DT_all <- rbind(DT_2019_Q2_df, DT_2019_Q3_df, DT_2019_Q4_df, DT_2020_Q1_df)

Separate DateTime column to date and time columns.

DT_all <- tidyr::separate(DT_all, start_time, c('start_date', 'start_time'), sep = ' ')
DT_all <- tidyr::separate(DT_all, end_time, c('end_date', 'end_time'), sep = ' ')

Check the data structure with glimpse.

glimpse(DT_all)

Output for glimpse R-code

Looks like ‘tripduration’, ‘from_station_id’, and ‘to-station-id’ are the wrong data classes. Let’s fix that.

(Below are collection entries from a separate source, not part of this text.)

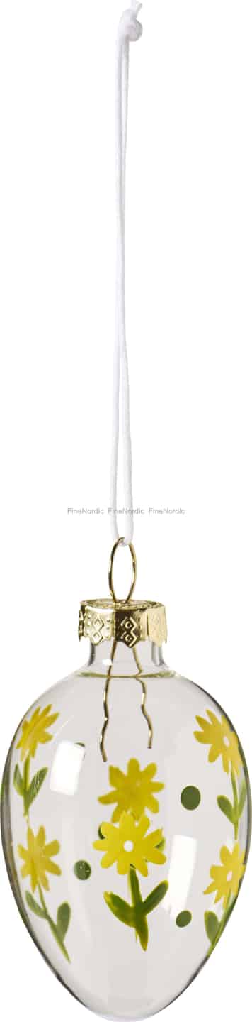 Invite the cheerful spirit of spring into your home with this delightful glass egg from Ib Laursen. Its transparent surface is adorned with sunny yellow flowers, capturing the light and the promise of brighter days ahead. A true whisper of the changing season.
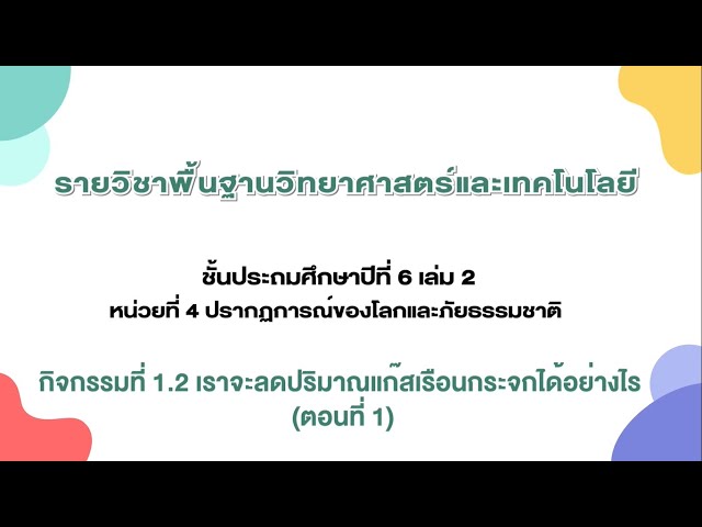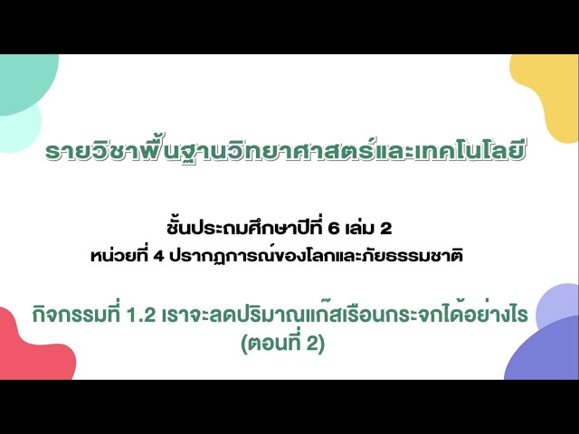 กิจกรรมที่ 1.2 เราจะลดปริมาณแก๊สเรือนกระจกได้อย่างไร (ตอนที่ 2)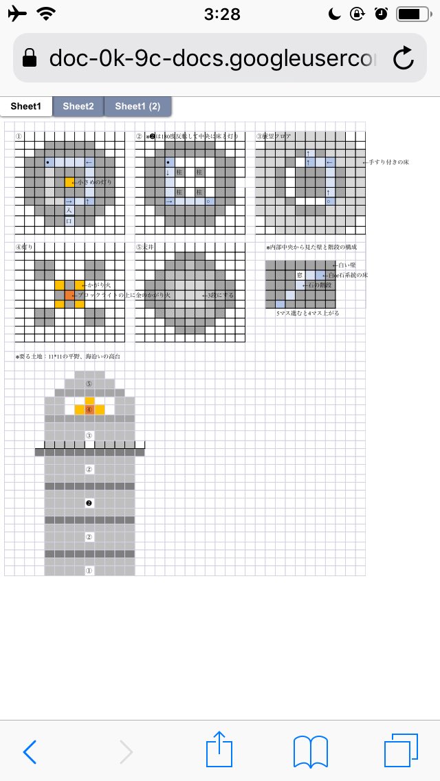 素敵なものを見るとやりたくなるので、昨日見て今日ひとりですこしだけ触りました。はこぶねをからっぽ島に持ってきてモンスターの楽園&居住区にしたいなぁと思っていたので、設計図を2枚に分けて持ってきました。

as.character(DT_all$from_station_id)
as.character(DT_all$to_station_id)
as.numeric(DT_all$tripduration)

Time to add more date columns to improve analysis granularity.

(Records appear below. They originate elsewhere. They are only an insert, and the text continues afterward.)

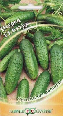 Огурец Бутуз F1 корнишон. Скороспелый (43-48 дней от всходов до плодоношения) урожайный, партенокарпический гибрид с букетным заложением завязей (4-6 в одном узле). Растение среднерослое, с ограниченным ветвлением боковых побегов. Рекомендуется для выращивания в пленочных теплицах. Посев на рассаду в конце апреля. Высадка рассады в грунт в конце мая — начале июня в фазе 3-4-х настоящих листьев. Посев непосредственно в теплицу — в мае — июне. Схема посадки 30х70 см. Плоды цилиндрические, ярко-зеленые, длиной 9-11 см, частобугорчатые, белошипые, массой 80-100 г. Отличаются высокими товарными и вкусовыми качествами: хрустящие, с прочной кожицей и маленькой семенной камерой. Хороши для засолки и маринования, подходят для употребления в свежем виде. Устойчив к корневым гнилям, настоящей и мучнистой росе, оливковой пятнистостии. Урожайность — 11-12 кг/м2.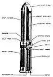 The Propagandagranate 41 was constructed of a plastic nose cone which held 200 leaflets weighing .23 kg (8 oz) that were rolled around a coiled spring and a metallic base which held the solid rocket. When the rocket was fired propellant gasses were forced through a steel base plate that had angled venturis drilled in it to impart spin.[2] A delay fuse was also ignited and a bursting charge separated the nose cone from the base at an altitude of 100–150 m (330–490 ft), the spring then uncoiled to scatter the leaflets.[1]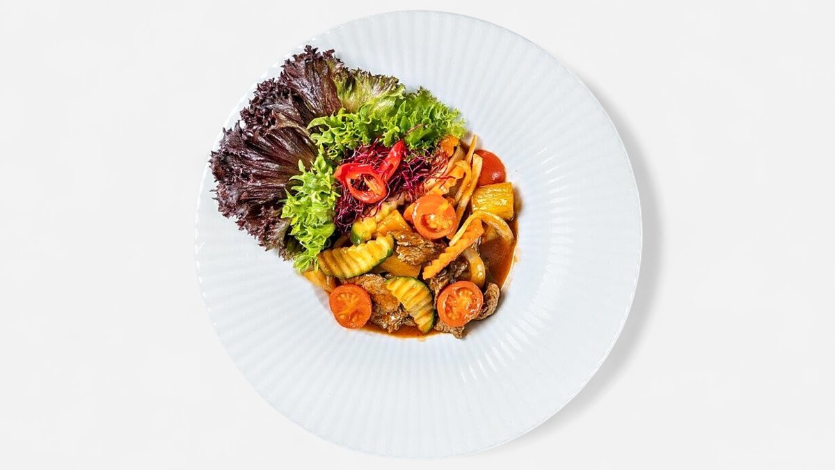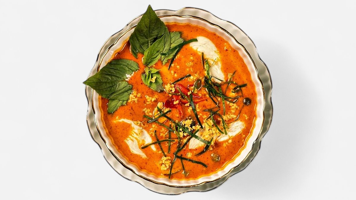 Valgfri protein, bambus, auberginer, lange bønner, sød basilikum og ananas i rød karrysauce. Serveret med ris.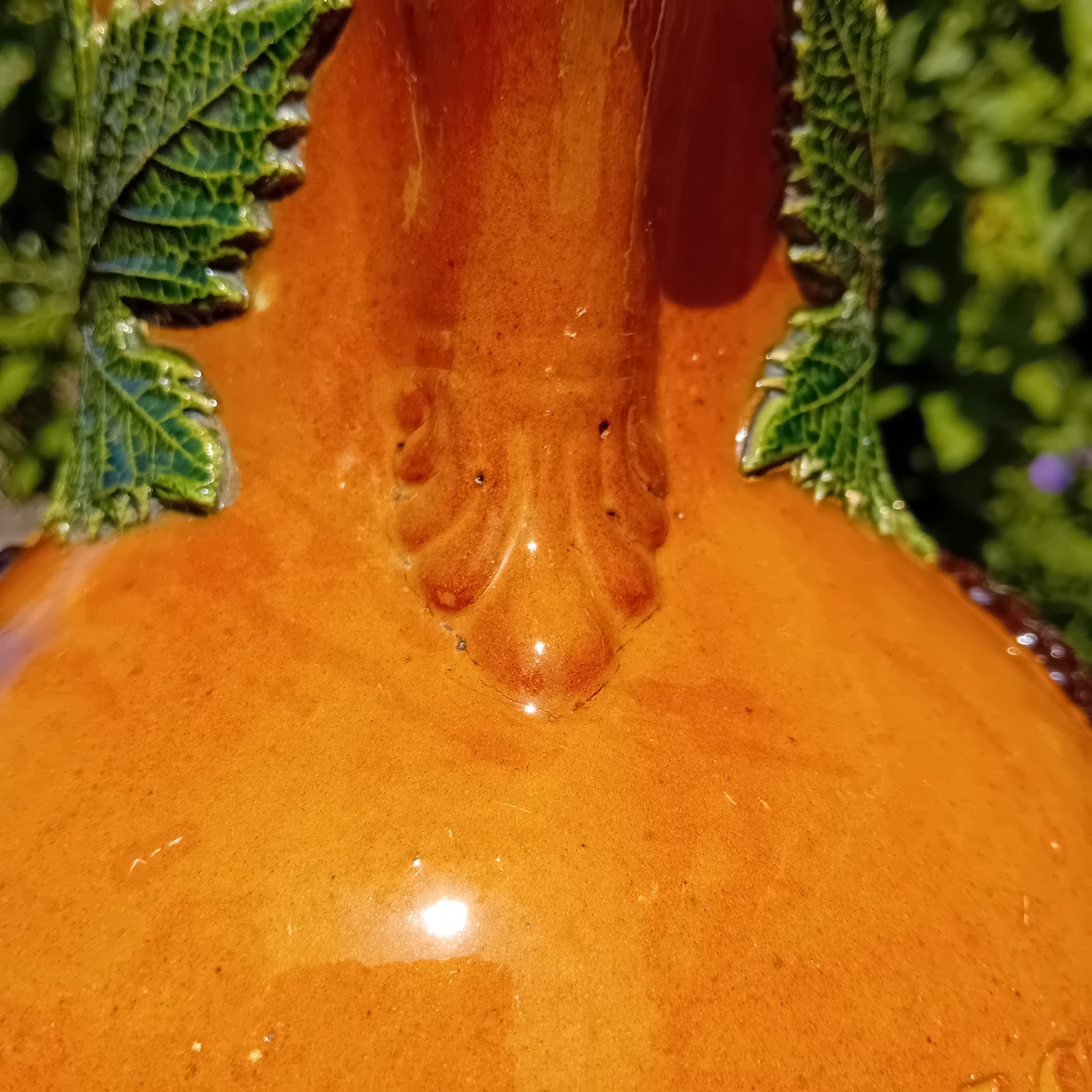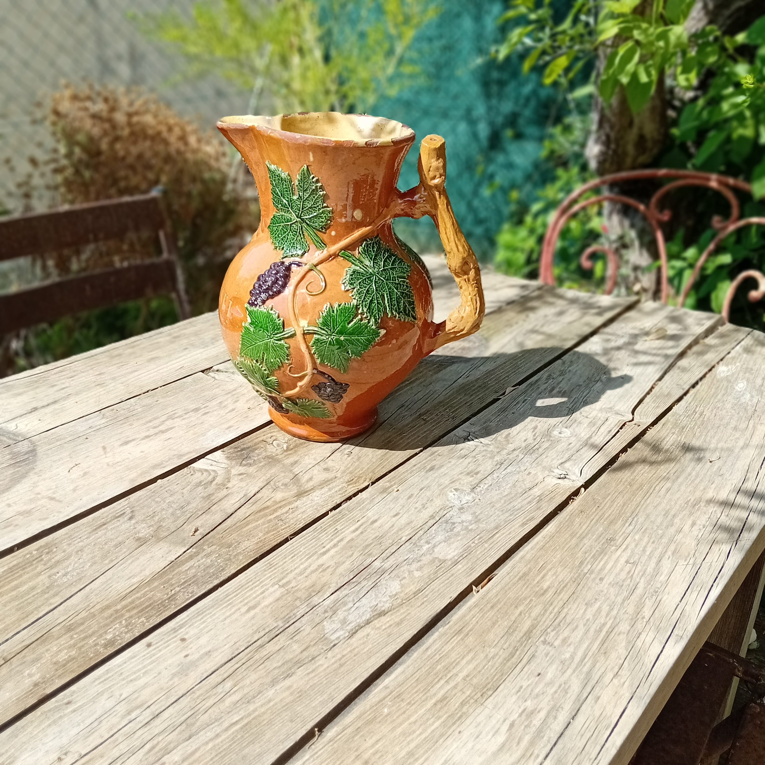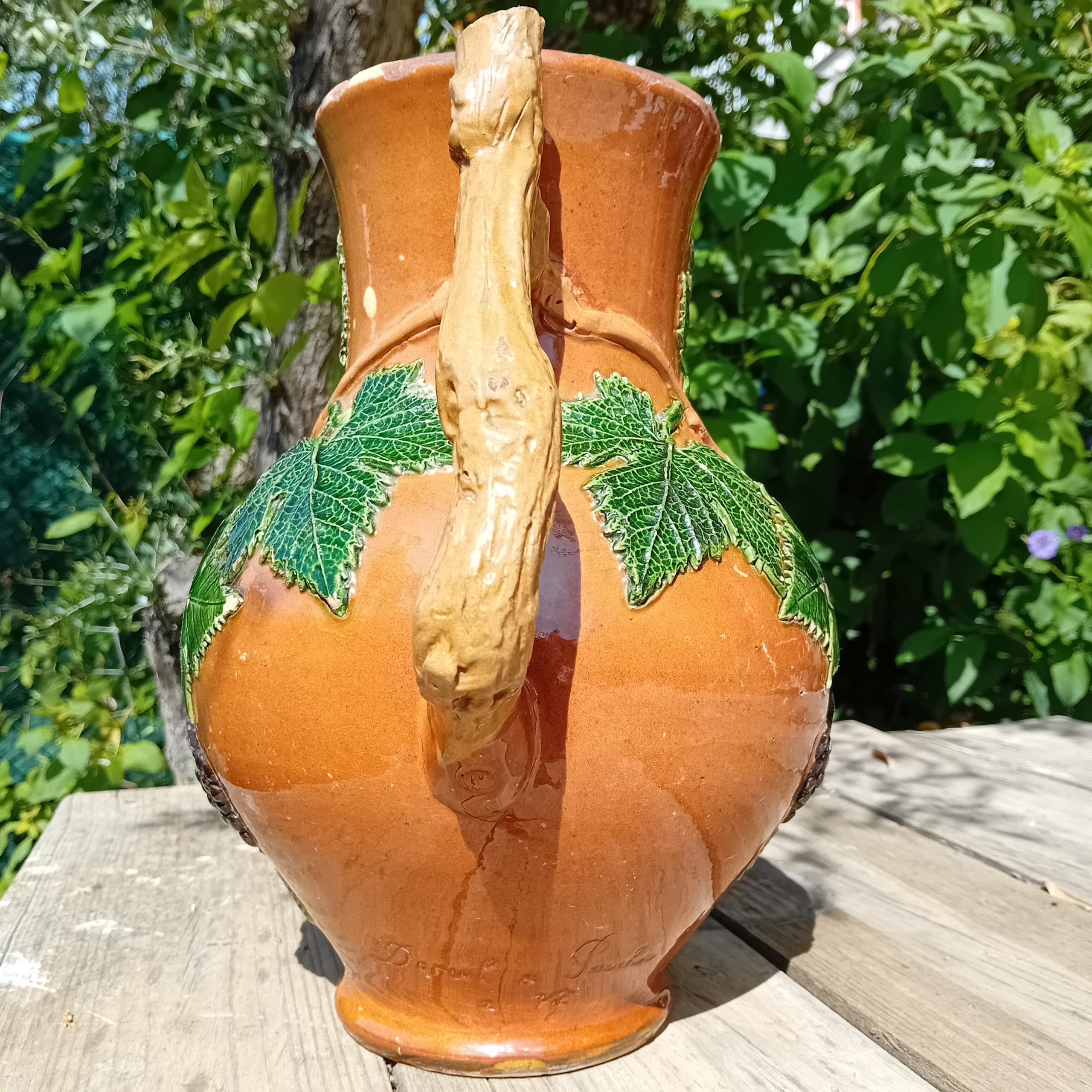 Ce modèle présente un décor naturaliste en relief de grappes de raisin et feuilles de vigne, émaillé dans des tons verts et violets, sur fond brun orangé. La panse est généreuse, avec un bec verseur évasé et une anse sculptée en forme de branche.

DT_all$date <- as.Date(DT_all$start_date) #The default format is yyyy-mm-dd
DT_all$month <- format(as.Date(DT_all$date), "%m")
DT_all$day <- format(as.Date(DT_all$date), "%d")
DT_all$year <- format(as.Date(DT_all$date), "%Y")
DT_all$day_of_week <- format(as.Date(DT_all$date), "%A")

DT_all <- DT_all %>% 
  mutate(hour = hour(hms(start_time)))

Let’s get rid of the rest of the ‘bad’ data. We’ll drop the start and end date columns.

drop <- c('start_date', 'end_date')
DT_all_v2 <- DT_all[!(names(DT_all) %in% drop)]

Then remove duplicates and NAs.

DT_all_v2 <- DT_all_v2[!duplicated(DT_all_v2$trip_id), ]
DT_all_v2 <- na.omit(DT_all_v2) 

Standardize usertype column to match stakeholder definitions.

unique(DT_all_v2$usertype)
DT_all_v2$usertype[DT_all_v2$usertype=='Subscriber'] <- 'member'
DT_all_v2$usertype[DT_all_v2$usertype=='Customer'] <- 'casual'

Check if stakeholder’s HQ is present in the data.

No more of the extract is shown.